Furthermore, from the development of two discoveries in the Stabroek Block alone, the IMF forecasts Guyana to be on par with the world’s largest oil producers, regarding the value of those reserves to GDP.
Facts & figures
For a population of 800,000, one can only imagine the subsequent transformation the new wealth will bring. But this is also a reason for concern. Managing oil and gas revenues has presented a daunting challenge for many countries; resource riches can be empowering when they first flow in, but the question is what follows.
In many developing countries, those riches have failed to translate into economic growth and sustainable development, which are needed to create jobs, reduce poverty and provide basic services such as health and education. One would expect that countries endowed with oil and gas resources are the envy of their neighbors; instead, significant empirical evidence has shown that countries rich with hydrocarbons (and minerals) often grow more slowly than resource-poor nations. Experts have labeled this phenomenon the “resource curse” or “the paradox of plenty” – resource-rich, economically poor.
One can only hope that with so much evidence accumulated from around the world, Guyana will tread carefully and follow useful lessons from the experiences of others. Some encouraging steps are already being taken, including a sovereign wealth fund – set up in 2019 as the Natural Resource Fund– to manage the resource wealth, and save it for rainy days and benefit future generations. Still, the stakes are high and significant work remains to improve governance of and within the hydrocarbon sector.
Guyana is expected to be one of the main contributors to oil supply growth outside OPEC by 2025, after Brazil, the U. S. and Norway. By then, Guyana is set to contribute around 700,000 barrels per day. Beyond 2025, the producers’ group sees Guyana as one of a few non-OPEC producers (including Canada, Qatar and Kazakhstan) showing meaningful supply growth. It will be interesting to see whether Guyana will be tempted to join OPEC. Guyana’s potential could even be much higher. However, as OPEC states in its World Oil Outlook published in 2020: “until the country has absorbed its newfound oil income politically and economically – and on top of the current uncertain outlook given the COVID-19 pandemic – we are reluctant to project higher growth.”
For a population of 800,000, one can only imagine the subsequent transformation the new wealth will bring.
Opposition to existing and new oil and gas activities is expected to continue. Even if economic concerns are appeased, climate change and environmental concerns will intensify. In a first of its kind case in the Caribbean, on 26 May 2021, two Guyanese citizens filed a lawsuit before Guyana’s Constitutional Court, challenging oil and gas production on the grounds that it violates the government’s legal duty to protect the rights to a healthy environment, sustainable development, and the rights of future generations.
Guyana’s oil story is still unfolding.
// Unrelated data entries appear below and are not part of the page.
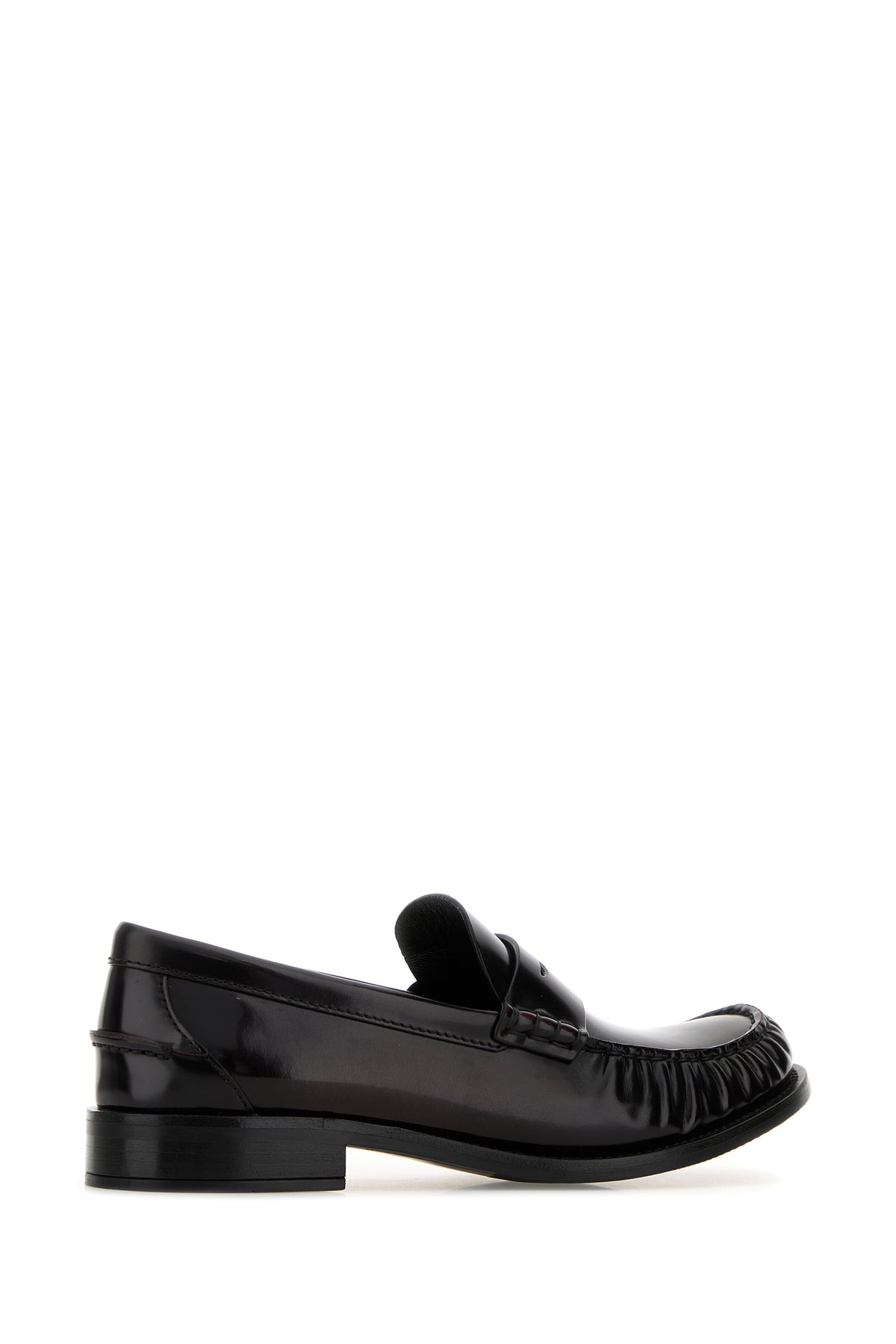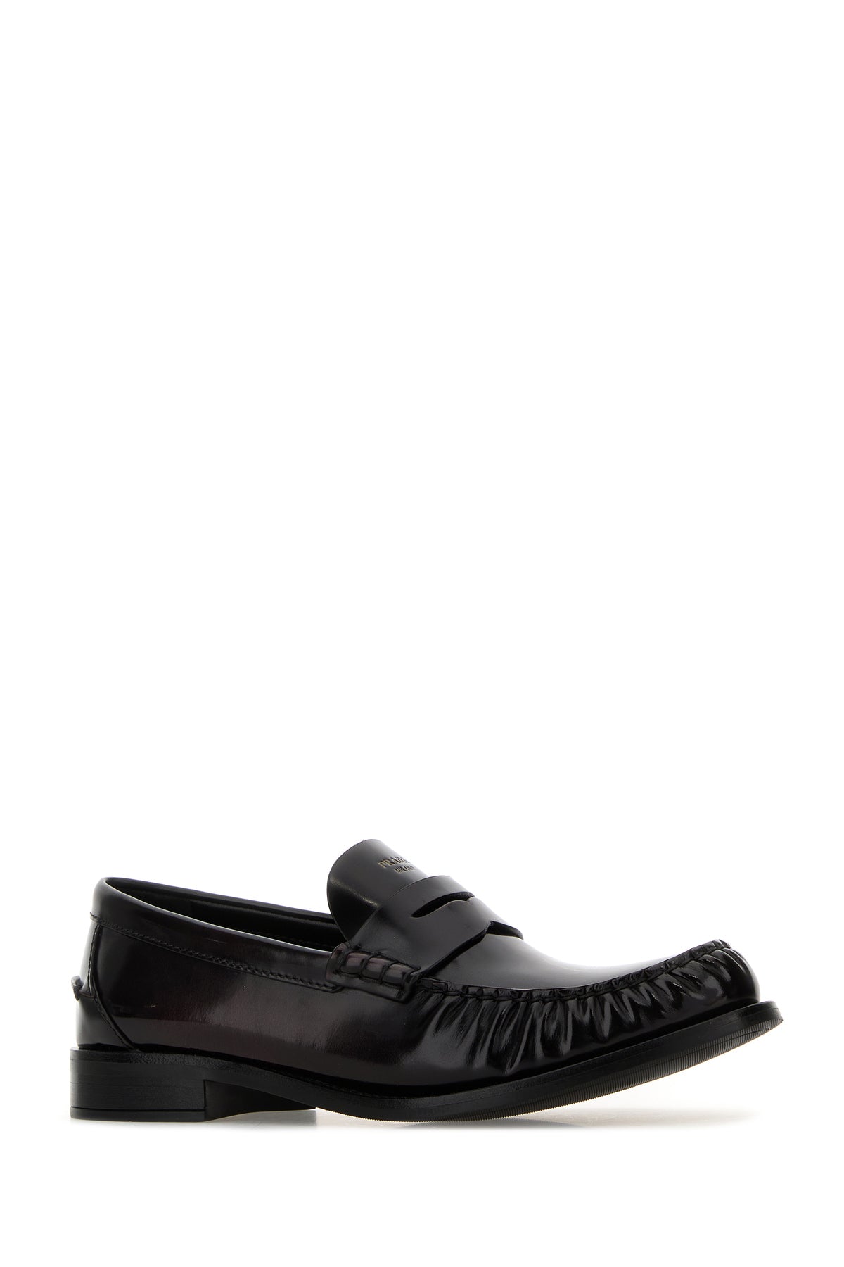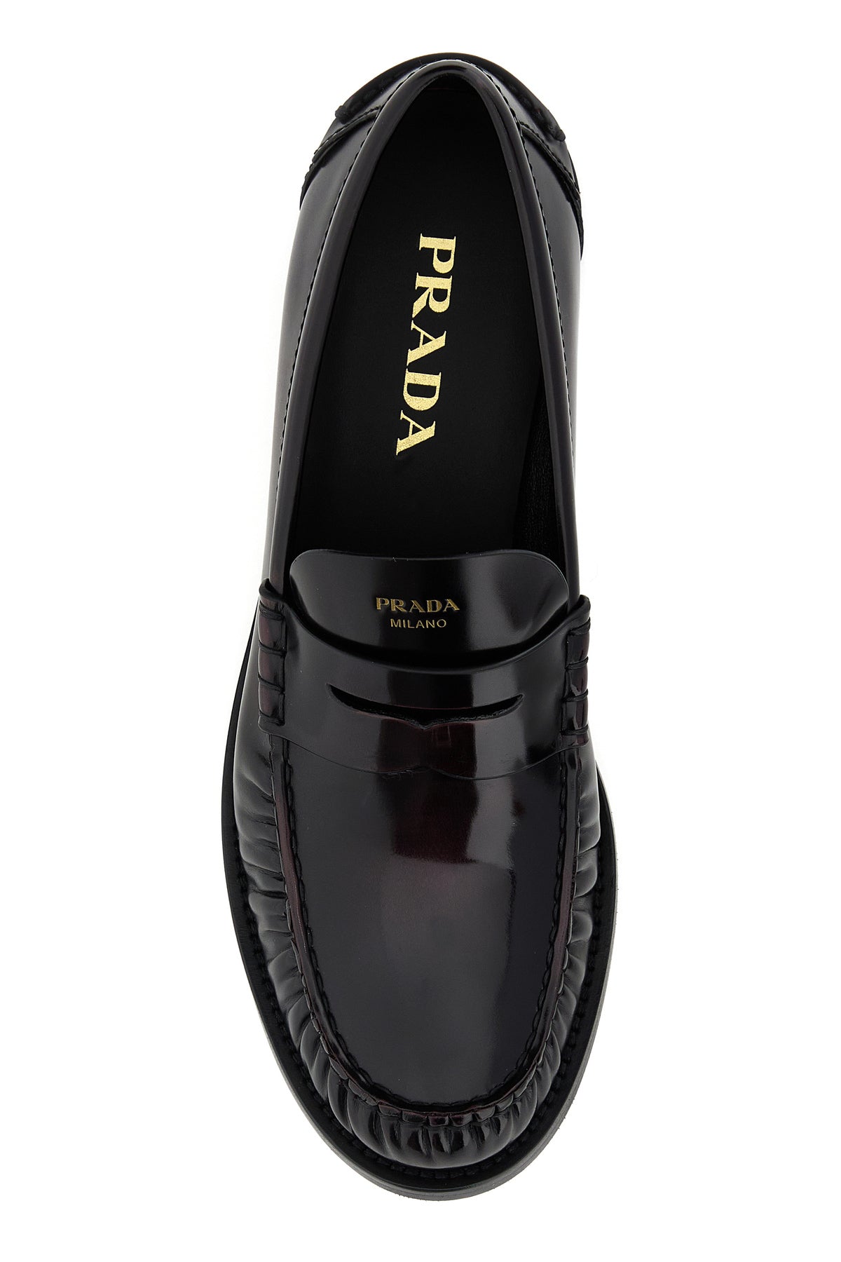 Loafers realized in polished-finish calf leather characterized by printed logo on the vamp.
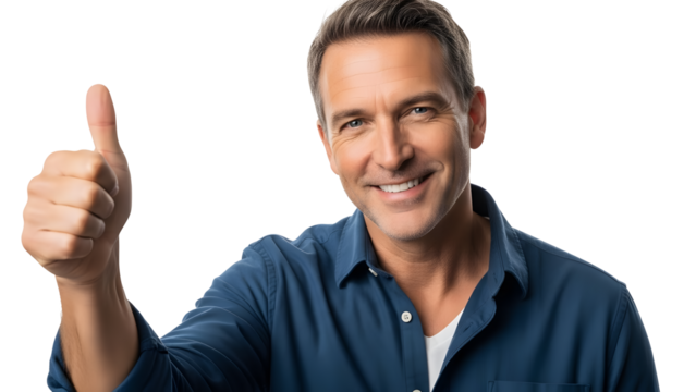 An attractive middle-aged man with gray hair gives a thumbs-up. His expression is of positivity, confidence and a gentle smile
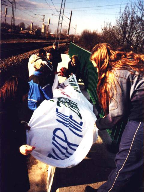 By zwrócić uwagę na notoryczne łamanie prawa przez Zarząd Dróg Miejskich, wywiesiliśmy na jednym z wiaduktów węzła Żaba okolicznościowy transparent.
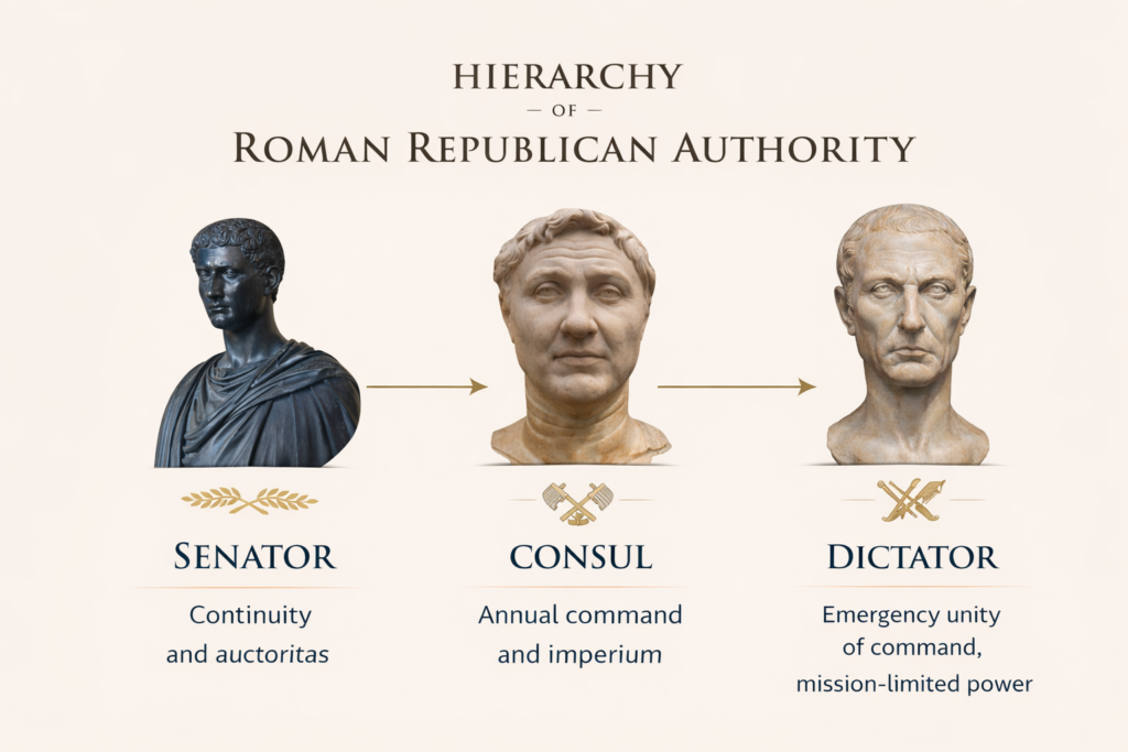 The Roman Republic did not concentrate authority in a single permanent ruler. It distributed power across offices designed to move at different speeds: consuls supplied executive force and immediate command, senators supplied continuity and collective judgment, and the dictator supplied extraordinary unity of command in moments of acute danger. The system’s stability rested on a Roman distinction that shaped political life for centuries: imperium (the legal power to command) and auctoritas (the prestige that makes counsel carry weight).
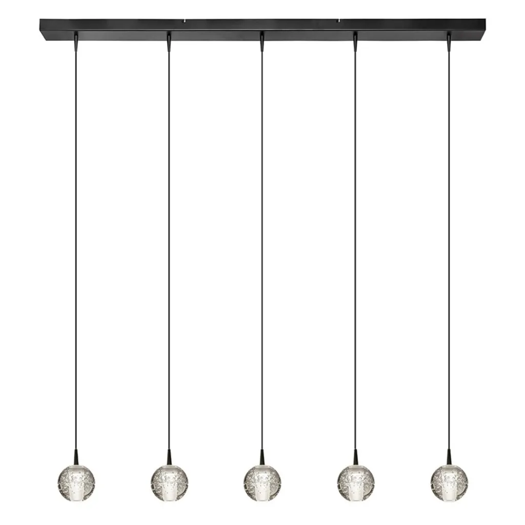 Een moderne hanglamp met een hoogwaardige kwaliteit glas. De glazen bollen zijn voorzien van een bubbel effect wat leuk oplicht wanneer de lamp wordt ingeschakeld. Binnenin de bol is het glas mat zodat er niet direct in de lichtbron kan worden gekeken. Dit is een LED lichtpunt die met 450 lumen per bol een flinke opbrengst geeft. Door middel van een externe dimmer (exclusief) zou de lamp gedimt kunnen worden. De helder glazen bollen hangen aan zwarte snoeren welke naar wens zijn in te korten. De maximale hoogte van de lamp is 135 cm. De moderne eettafelhanglamp is een fijne sfeermaker met een mooi effect.
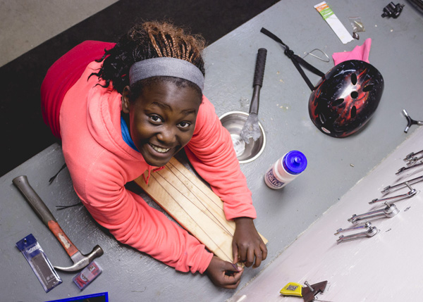 "I used to like to stay in the shadows but the CBC made me come out into the light and be myself," says Achayo Katanga, 11, who has discovered new friends and interests at the Community Bicycle Center in Biddeford.
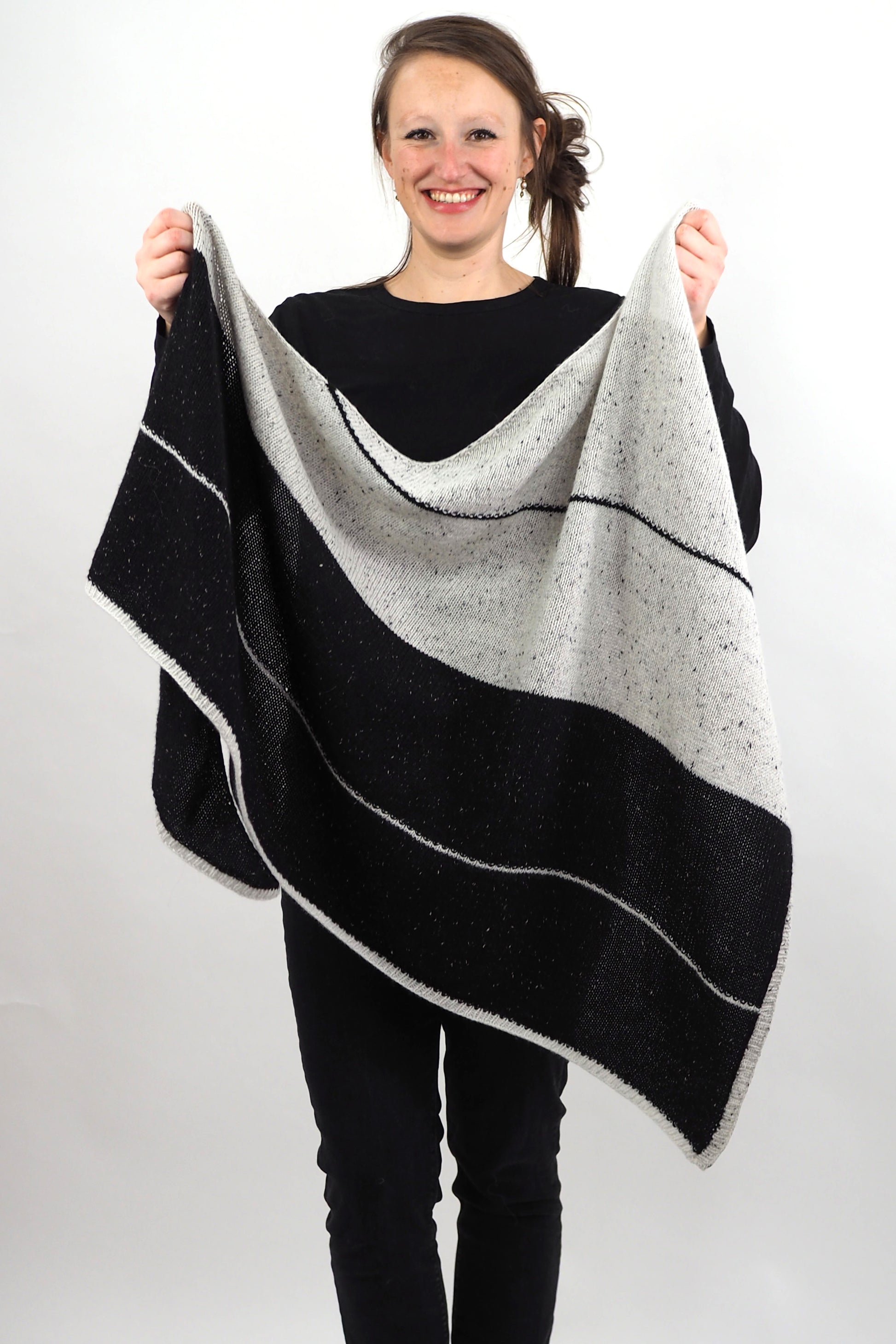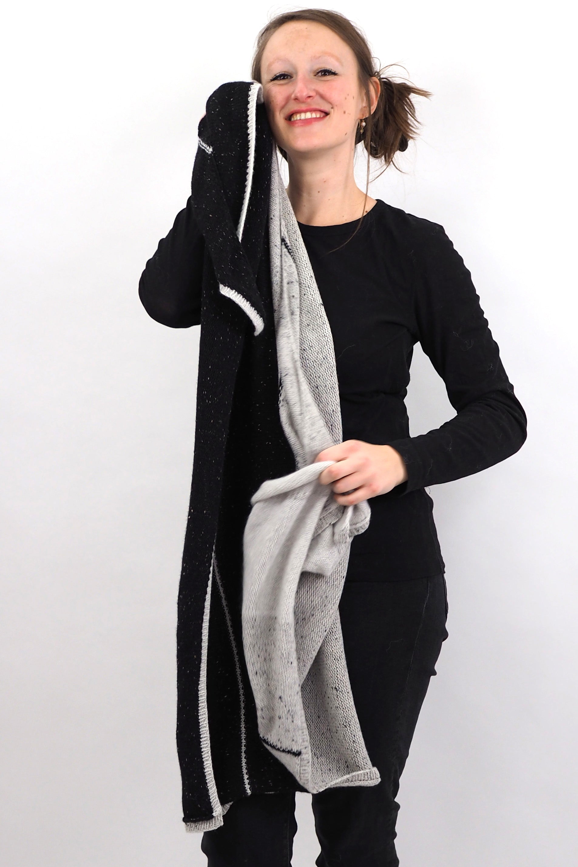 Garn A, Farbe 1: LAMANA COMO 57 Marmor 2 Knäuel. Garn B, Farbe 1: LAMANA COMO TWEED T 57 Marmor 3 Knäuel. Garn B, Farbe 2: LAMANA COMO TWEED T 01 Schwarz 5 Knäuel.

So far, the start has been bright, as is its outlook. Even if oil demand peaks as the energy transition to a greener future accelerates, Guyana has a good chance of being among those last standing, with the scale and competitiveness of its resources. The oil wealth generated, if well managed, can support the development of the country for generations to come and long after oil’s importance to the global economy has dwindled. The investment climate has been attractive for international capital even under globally dire conditions. It is, however, too soon to forecast a straight path to happiness – too many critical policy choices have yet to be made, and too many pitfalls still loom along the way.